Experimental Characterization of High-Amplitude Fluid-Structure-Interaction of a Flexible Hydrofoil at High Reynolds Number

TL;DR

This study presents detailed experimental data on high-amplitude, low-frequency fluid-structure interaction of a flexible hydrofoil in a high Reynolds number flow, aiding the development of accurate FSI models.

Contribution

It provides a comprehensive high-fidelity dataset of FSI involving a flexible hydrofoil at high Reynolds numbers, useful for validating and improving FSI simulation models.

Findings

Characterized fin motion and flow upstream of the fin.

Measured fin-tip and surface motion dynamics.

Collected data on constraint loading and flow fluctuations.

Abstract

A fluid-structure-interaction (FSI) experiment was designed and executed with a focus on producing low-frequency (~10 Hz), high-amplitude ($\pm$3.5% of the span) fin motion.
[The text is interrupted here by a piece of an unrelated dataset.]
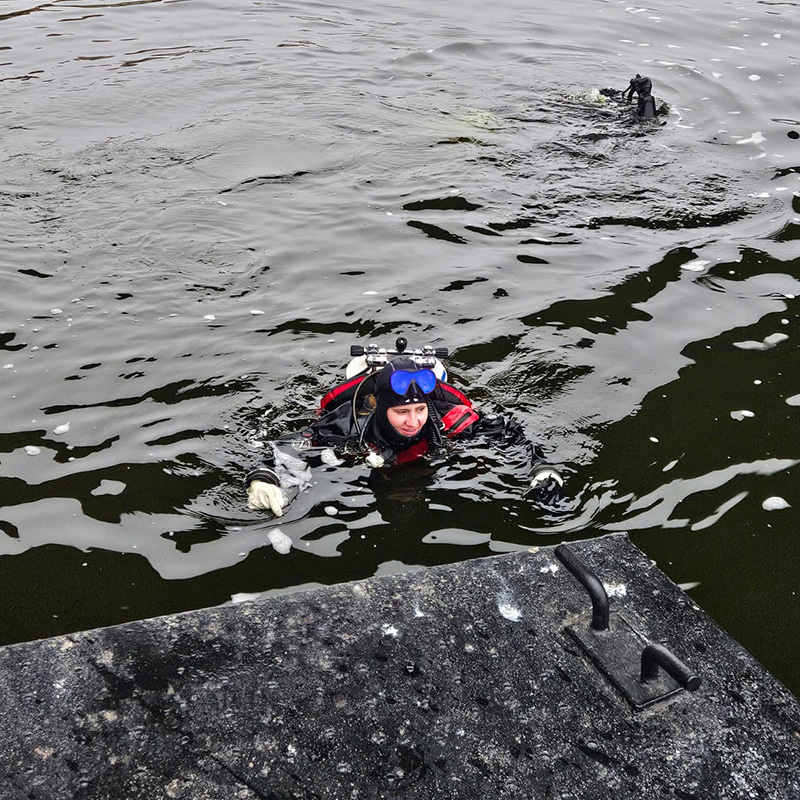 Nastrojili jsme se a nedočkavě zamířili k vodě. Na úplně malý okamžik jsem se zamyslela nad možností, že civilizovaně sejdu do vody po schodech. Jako dáma, chápejte… S grácií a elegancí! Vzápětí myšlenka zmizela stejně rychle jako touha hrát si na civilizovanou ženu. Plivla jsem si do masky, uvědomila si, že ji nemám, jak vypláchnout, zanadávala si do blbců, potlačila nevolnost, nasadila nasliněnou masku na oči… Následně jsem se s nadšeným výkřikem vrhla do Vltavy z mola a za doprovodu ohromného gejzíru vody zmizela pod hladinou. Tmavá voda mě pohltila a já se rozesmála do automatiky. Očekávala jsem, že mě obklopí nulová viditelnost, proto mě solidní 2 metry překvapily. Dno řeky pokrývaly nánosy bahna a…peněz. S nadšením malého dítěte jsem začala lovit mince a po pár minutách jsem měla kapsy sucháče plné. Ani jsem si nevšimla, že mě mírný proud unáší neznámo kam. Vynořila jsem se se strachem v očích a rychlostí 1 metr za minutu se sunula řekou dále. Kdo mě v tu chvíli sledoval, pravděpodobně viděl zběsile hrabajícího vorvaně, který zvláštním a specifickým plaveckým stylem brázdil divokou Vltavu.

This was achieved by placing a backward facing swept fin at -9.6{\deg} angle-of-attack within the wake of a roughened cylinder. Test section speeds between 2.5 and 3.6 m/s produced cylinder diameter based Reynolds numbers between 190,000 and 280,000, respectively. Detailed descriptions of the tunnel and model geometry, material/structural behavior, fluid properties and initial conditions are provided to facilitate development of FSI models. Given the initial conditions, the resulting forced fin behavior was characterized with measurements of the mean and fluctuating components of the flow upstream of the fin (i.e. within the cylinder wake), fin-tip/surface motion and the fin constraint loading. This work provides a high fidelity experimental dataset of a challenging flow that will require two-way coupling in FSI models to properly capture the resulting behavior. Thus this rich dataset can be used by modelers to identify strengths and weaknesses of various FSI modeling approaches.